After the opening super special stage in Jeddah on Wednesday evening, won by Ott Tanak in his final WRC event, the first full day of WRC Saudi Arabia was about road position and tyres.
The opening gravel stage was relatively smooth and the one where Sebastien Ogier pounced, beating Elfyn Evans’ time by a massive 12.8 seconds as his opening salvo in the title chase and placing the championship leader under immediate pressure.
Martins Sesks made the most of his favorable road position to win the first two stages of the day in his M-Sport Ford Puma and take the rally lead which held up to stage five when he suffered a puncture in stage six, relinquishing the top spot to Toyota’s young gun Sami Pajari.

Pajari’s lead was short-lived as he too suffered tyre issues in stage seven, leaving Adrien Fourmaux and Hyundai as the new rally leader.
With Evans already on the back foot in the title chase, as things stood at the end of stage six, he would still beat Ogier to the title by a single point.
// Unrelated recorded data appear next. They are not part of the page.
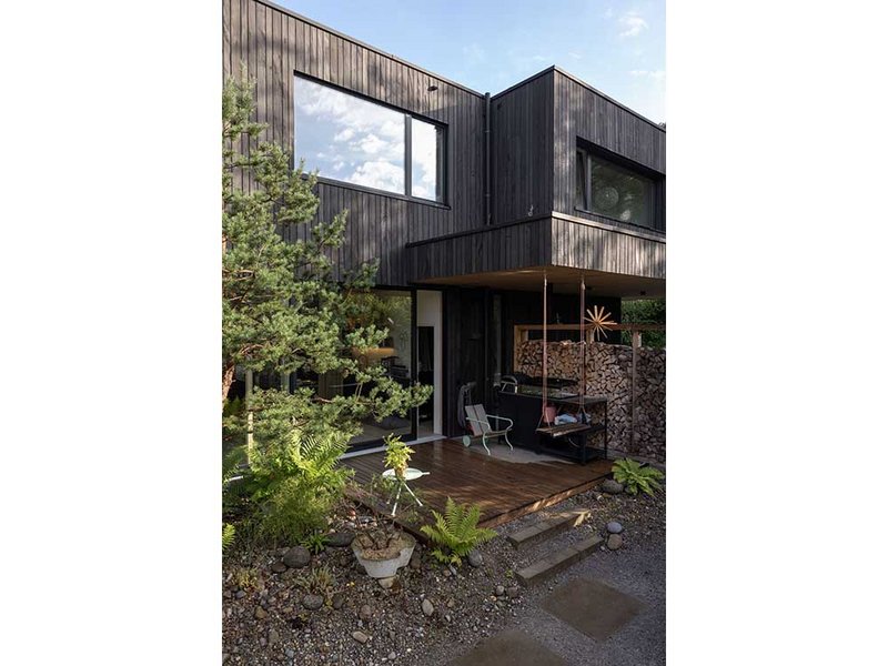 Das Grundstück am Rande von Adliswil (ZH) ist ein Paradies, für Klein und für Gross: Direkt an einem Wald gelegen – einige der Bäume gehören sogar zum Grundstück dazu –, wird dieses am unteren Ende von zwei kleinen Bächen begrenzt. Ein Abenteuerspielplatz, der seinesgleichen sucht. «Einer der beiden Bäche führt selbst im Hochsommer noch Wasser. Das ist natürlich cool für die Kids», erklärt David Zangger. Und verrät nebenbei, dass es auf seinem Grundstück sogar Sommertrüffel gibt. Die Ausbeute im letzten Jahr? Stolze 1,5 Kilo! Zu seinen persönlichen Lieblingsplätzen im Garten zählt übrigens eine Yogaplattform direkt am Hang, auf der er morgens die ersten Sonnenstrahlen geniesst. Gebaut hat er die Plattform selbst – wie so vieles in Haus und Garten. Denn bevor er an der Zürcher Hochschule der Künste Industriedesign studierte, machte er eine Lehre als Zimmermann. In dieser Zeit hatte er seinem Grossvater auch dabei geholfen, den Schopf zu bauen, der heute noch existiert und gelegentlich das Nachtlager der Kinder ist.
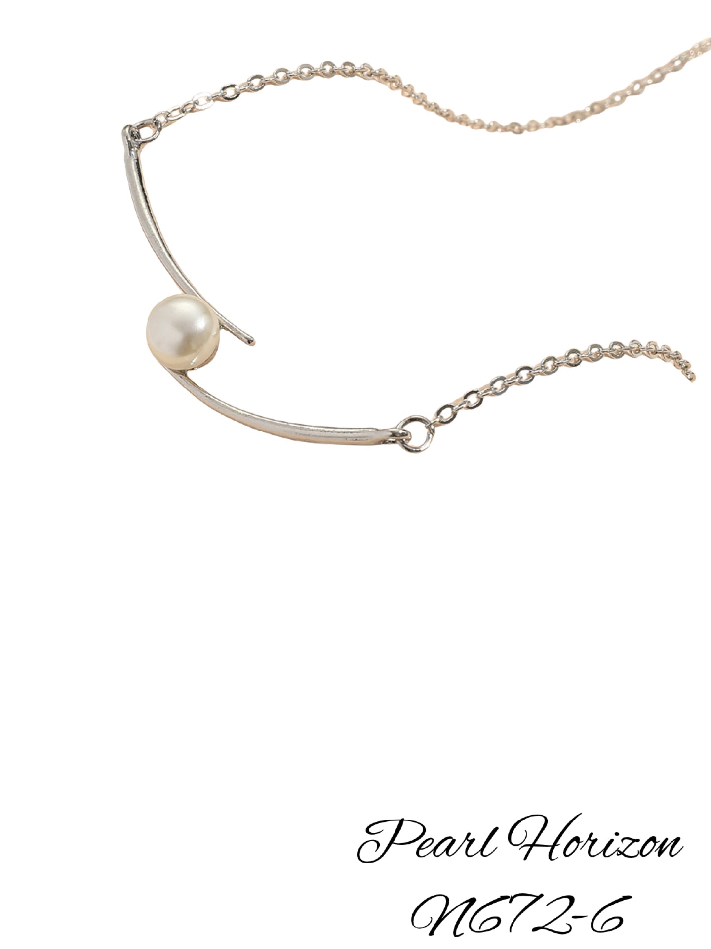 Experience elegance with the N672-6 Pearl Horizon necklace. This stunning piece features a silver 18 1/2 inch chain, complete with a 3 inch extender for the perfect fit. Two silver bars are delicately connected by a magnificent white pearl, creating a timeless and sophisticated look.
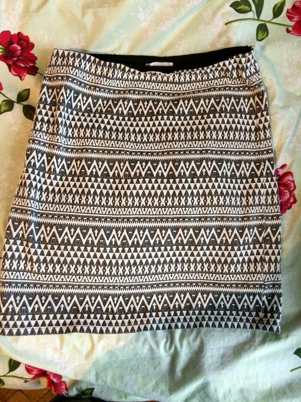 Спідничка House з цікавим візерунком. Довжина 50см, в поясі 38, плюс тягнеться. Спідничка до колін по фігурі, гарно виглядатиме з однотонним верхом.
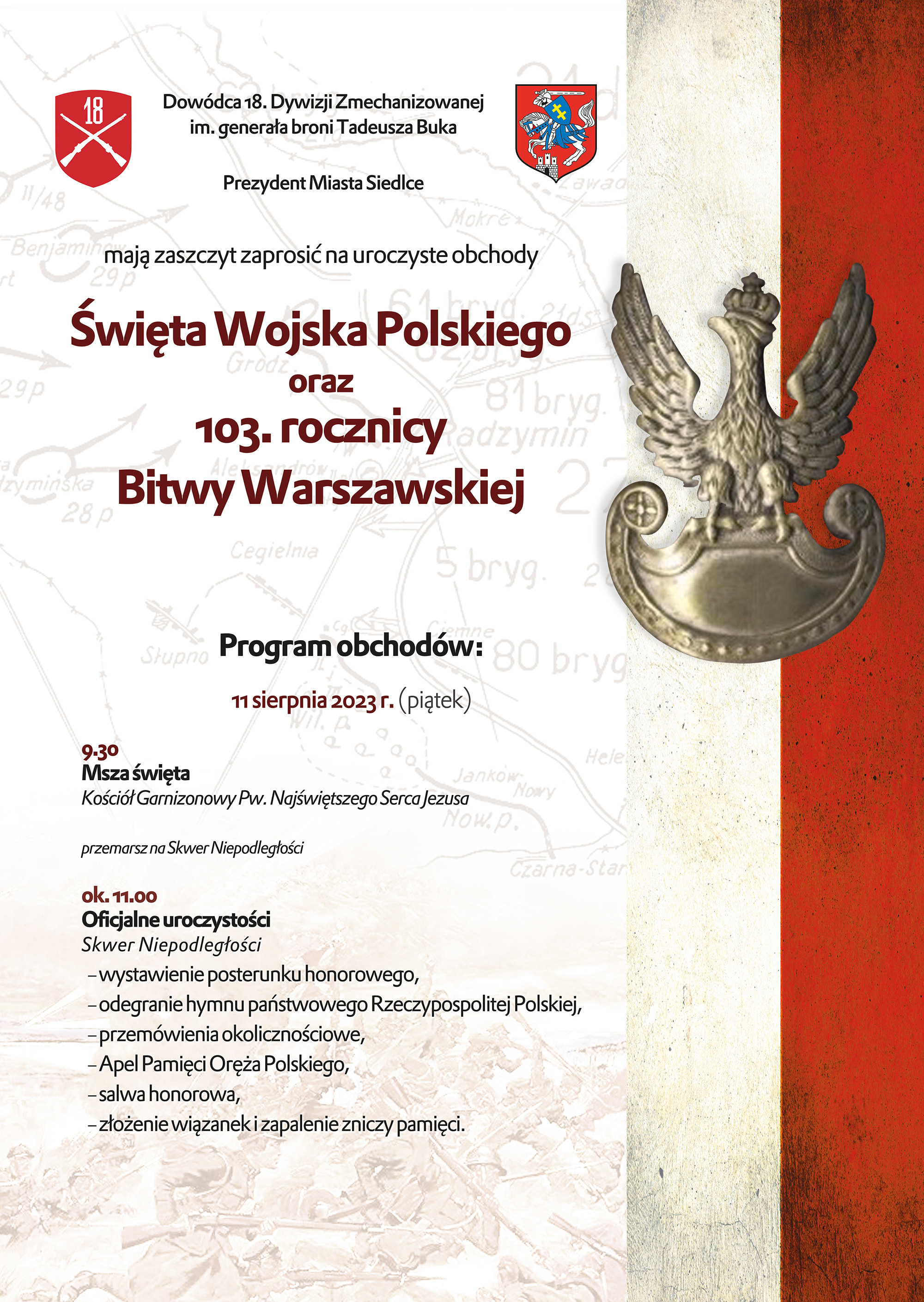 Dowódca 18. Dywizji Zmechanizowanej im. generała broni Tadeusza Buka oraz Prezydent Miasta Siedlce mają zaszczyt zaprosić na uroczyste obchody Święta Wojska Polskiego oraz 103. rocznicy Bitwy Warszawskiej

After the final gravel stage of the day, Kalle Rovanperä passed Evans for eighth, handing the ‘as it stands’ title to Ogier by one point.
The three GR Yaris crews were seventh, eighth and ninth overall, having opened the road and suffered the worst of the road cleaning with Rovanperä shedding a few seconds after a late-stage puncture in stage four.

Behind Fourmaux, Pajari and Sesks, Tanak won SS7 to cement his fourth position, 1.1 seconds ahead of his Hyundai teammate and outgoing World Champion Thierry Neuville in fifth after the Belgian had a deflated tyre in stage three.
Takamoto Katsuta held a strong sixth after a solid day in the stages, building his cushion over Ogier in seventh. Rounding out the top ten was Gregoire Munster who was slow and looked out of his depth.
Josh McErlean parked his Puma in a rut as early as stage two which pulled the tyre off its bead; Nasser Al-Attiyah incurred a ten second penalty for a jumped start in stage one but his day got worse when he lost the rear hatch following a hard landing after a big jump in stage five. The rather large hole in his Puma pulled choking dust into the cabin but he wasn’t done as he had a puncture in stage six, which cost the Qatari five minutes as he battled a malfunctioning jack.
Oliver Solberg led the way in WRC2 but of the points scorers, it was Gus Greensmith in his Skoda that held sway over Kajetan Kajetanowicz after Nikolay Gryazin suffered a puncture in stage two.
Thursday’s action concludes with another run over the Jeddah Super Special later this evening.